Well done & thank you. My husband’s people escaped the genocide & eventually made it to America. “Precious” is the perfect modifier for their culture…
Sadly the ambivalence isn’t shocking. Post modernism enabled the death of outrage, rationalization of evil behavior, and rolled us into Lewis’ post-human culture…
“In a sort of ghastly simplicity we remove the organ and demand the function. We make men without chests and expect of them virtue and enterprise. We laugh at honour and are shocked to find traitors in our midst. We castrate and bid the geldings be fruitful.”
Thank you, again.
This piece lays bare the brutal reality of the Armenian experience. This article should be widely disseminated across mass and social media platforms.
The United States saved hundreds of thousands of Christian Armenians in the genocide period through the Near East Foundation. American hero’s like Clara Barton risked life and limb and many American Armenians trace the blessing of our being born in the US back to the good will and moral clarity of the American people then.
We Americans are a compassionate and decent people, and if the scale and brutality of the current genocide attempt is know here, I believe Christian America will speak up and act accordingly.
Please forward this and let the world know.
Well said. We have a duty to speak up and defend Armenians and their ancient christian culture. That past of history cannot be repeat itself and Turkish actions should be condemned by the West.

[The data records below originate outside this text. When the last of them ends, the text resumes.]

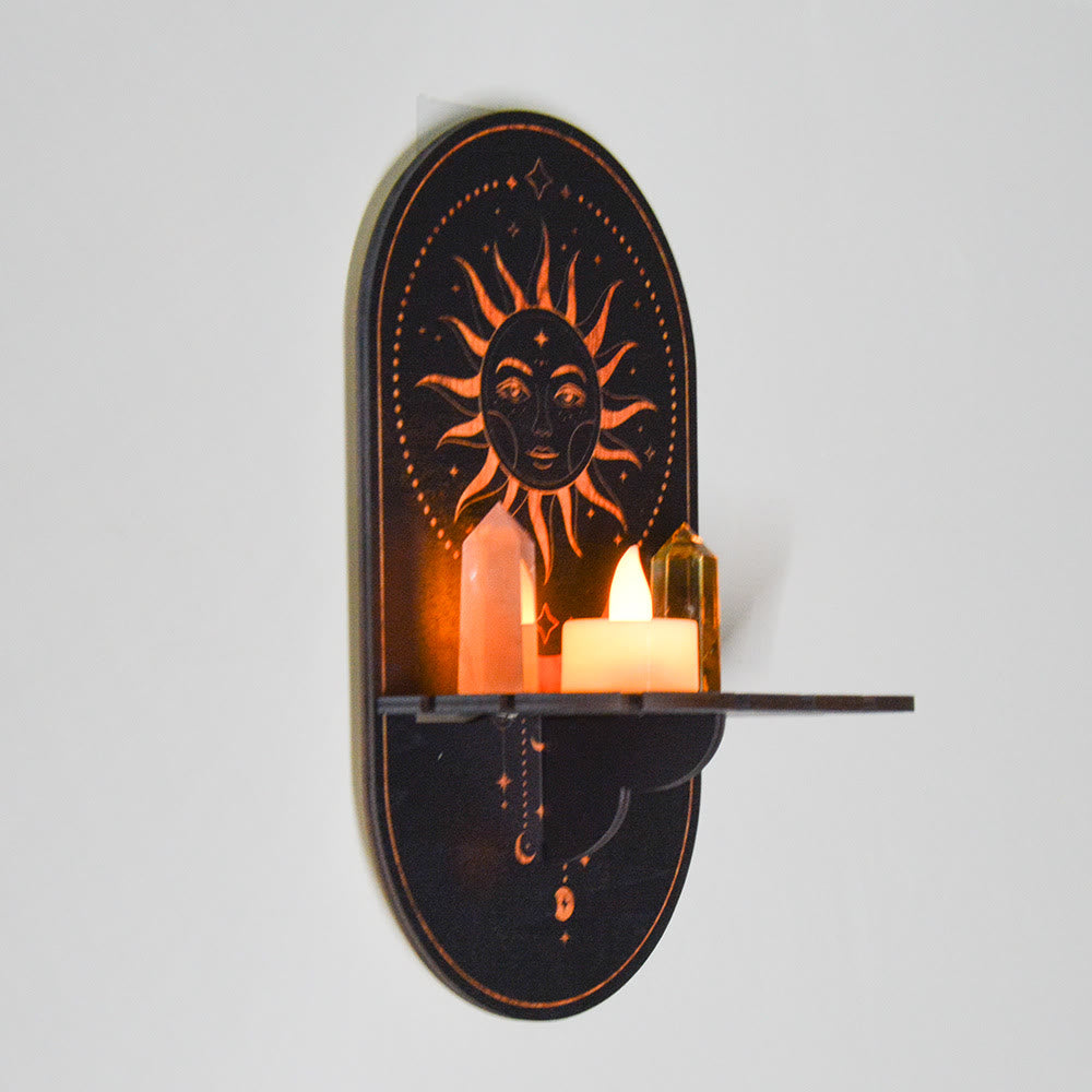 Olivenorma Moon And Stars Candle Holder Wall Mounted Crystal Shelf
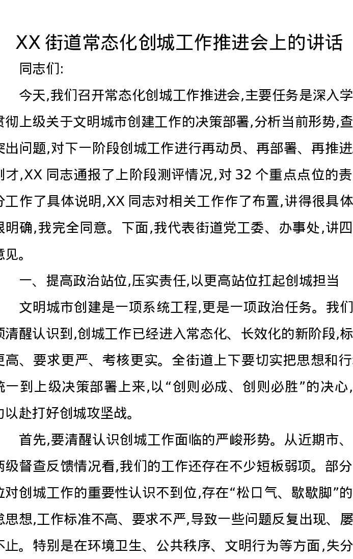 XX街道常态化创城工作推进会上的讲话
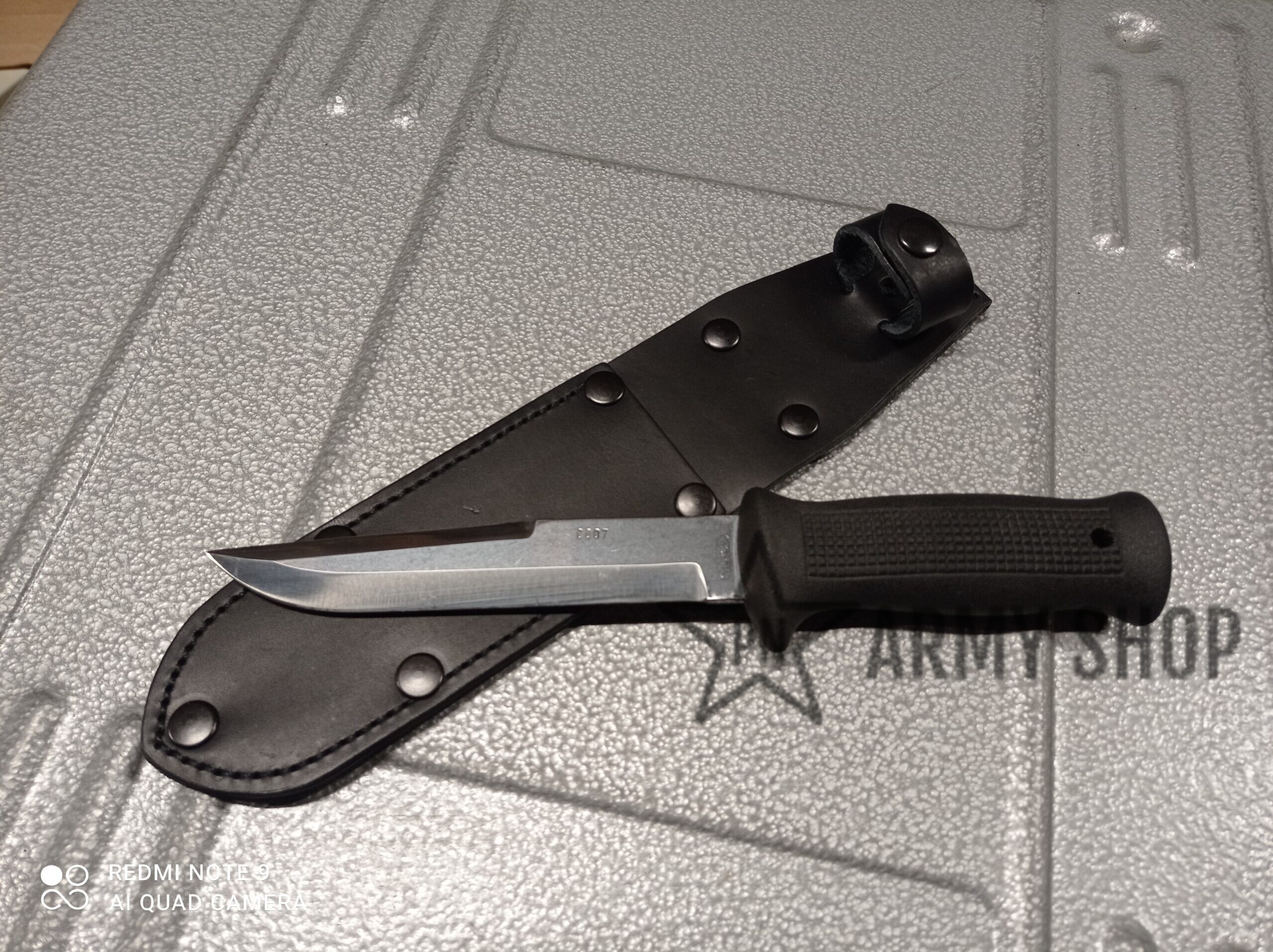 Nůž typu UTON 0007, pryžová rukojeť, tvrdost 55-57 HRC, s černým koženým pouzdrem bez kapsy na nářadí, tak jak je na fotografiích, cena je za sadu, tzn. nůž + pouzdro
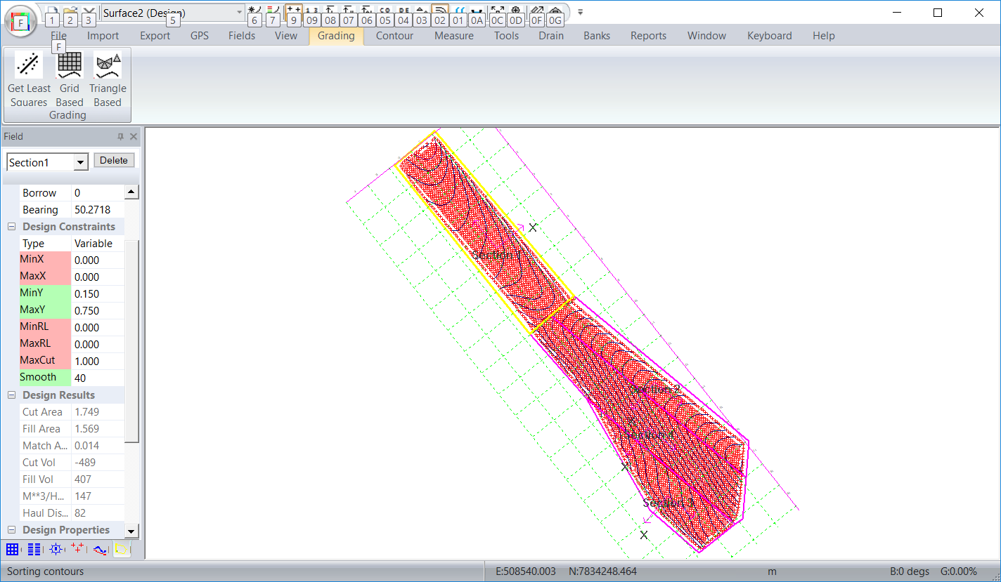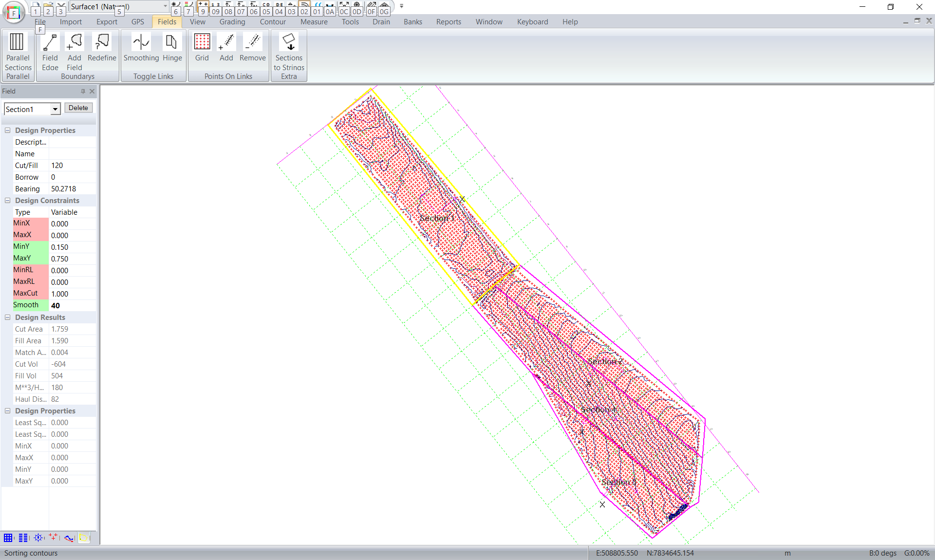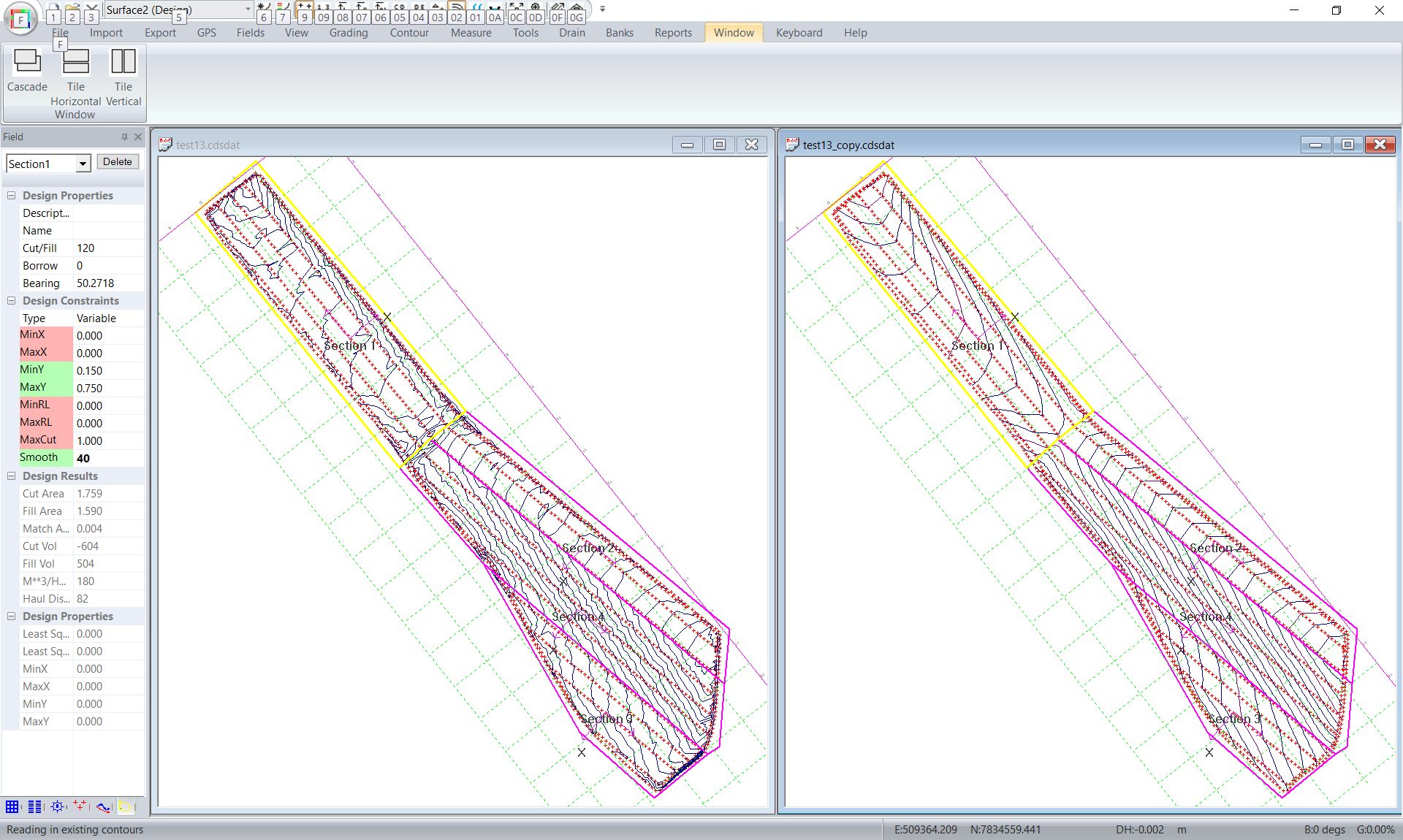 We have been given some data and have imported it to create the following job. You will notice that the data points picked up are relatively close together. However the rows are a relatively large distance apart. The surface along a row is fairly well defined. However we have no idea of the surface between rows. All we can assume is that the surface is a constant slope between rows. In the screen shot below we have the natural surface on the left and you can see the design surface on the right. The design is segmented due to the lack of data between the rows.
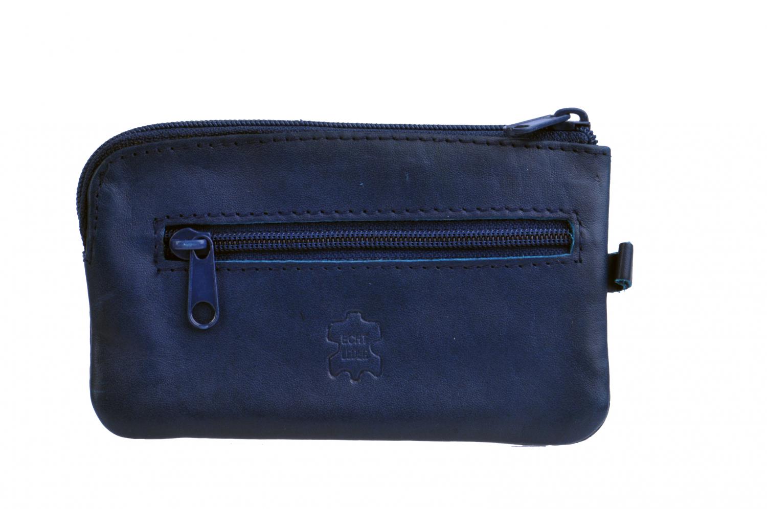 Dámská velká kožená klíčenka 1039-A tmavě modrá s kytičkou
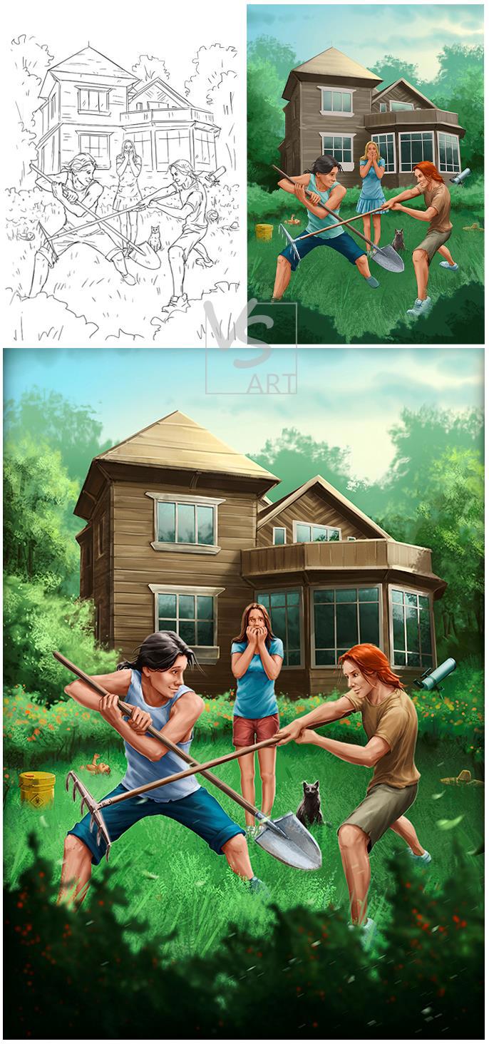 Автор: Салихов Василь"Долгий солнечный день" - так называется новая книга Екатерины Белецкой, для которой была создана эта обложка. В целом сцена не простая в силу композиции, определенной динамики и цветовой гаммы. Хотелось привлечь внимание ко всем планам и некоторым деталям (пасхалкам), которые имеют важное значение для читателей и автора. Движения героев взяты с оригинальных референсов, все остальное чистая выдумка.)
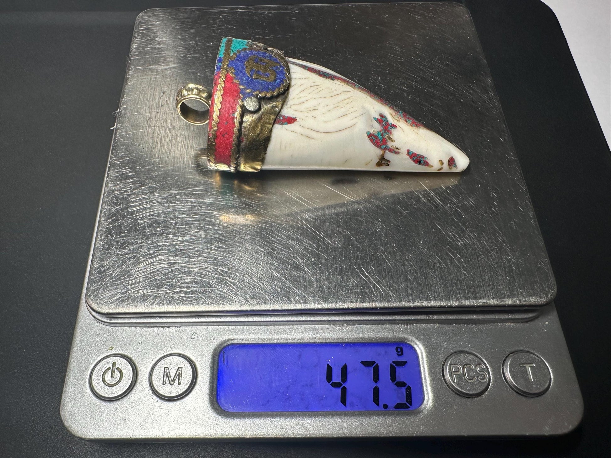 Though the specific provenance is unknown, its handcrafted beauty and striking design reflect traditional Nepalese and Tibetan artistry. A unique addition to any spiritual or tribal jewelry collection, this piece is perfect for those drawn to Himalayan culture, boho fashion, or symbolic amulets.

Thank you so much for writing this article and for the heart God has given you for the Armenian people. So glad your Uncle Paul and Aunt Linda told me about you. We were supposed to meet months ago at their house in Sarasota (I’m their neighbor on the same street) but COVID cancelled that. Have shared your writing with many and continue to pray that light will shine in the midst of this darkness. Look forward to meeting you in person. Chris Shamsey
Dear Chris,
Thanks. Praying we can make up for the COVID cancelled trip soon! May God bless you and yours, Siobhan
Could you expound on the Kurds involvement?
As far as I know, the Kurds are not directly involved in this conflict. Armenia does have a Yazidi minority, and the Yazidi are Kurds, it seems. But I have no direct knowledge of their involvement in this.
How can we help support Armenia?
Thank you, Patrick! Yours is the crucial question. We must pray for them. We must stand with them and the truth. We must do what we can to ensure that our people and government truly stands with them and the truth. We, non-Armenians, must reach out to the Armenians and ask them what we can do and tell them that they are not alone. It is a lonely fight, to hold the front when the rest of the world does not care about Erdogan’s dreams of re-establishing the Ottoman Empire and paying Isis troops to do so. Also, buy Antonia Arslan’s Silent Angel. It is a masterpiece and will tell you who the Armenians really are.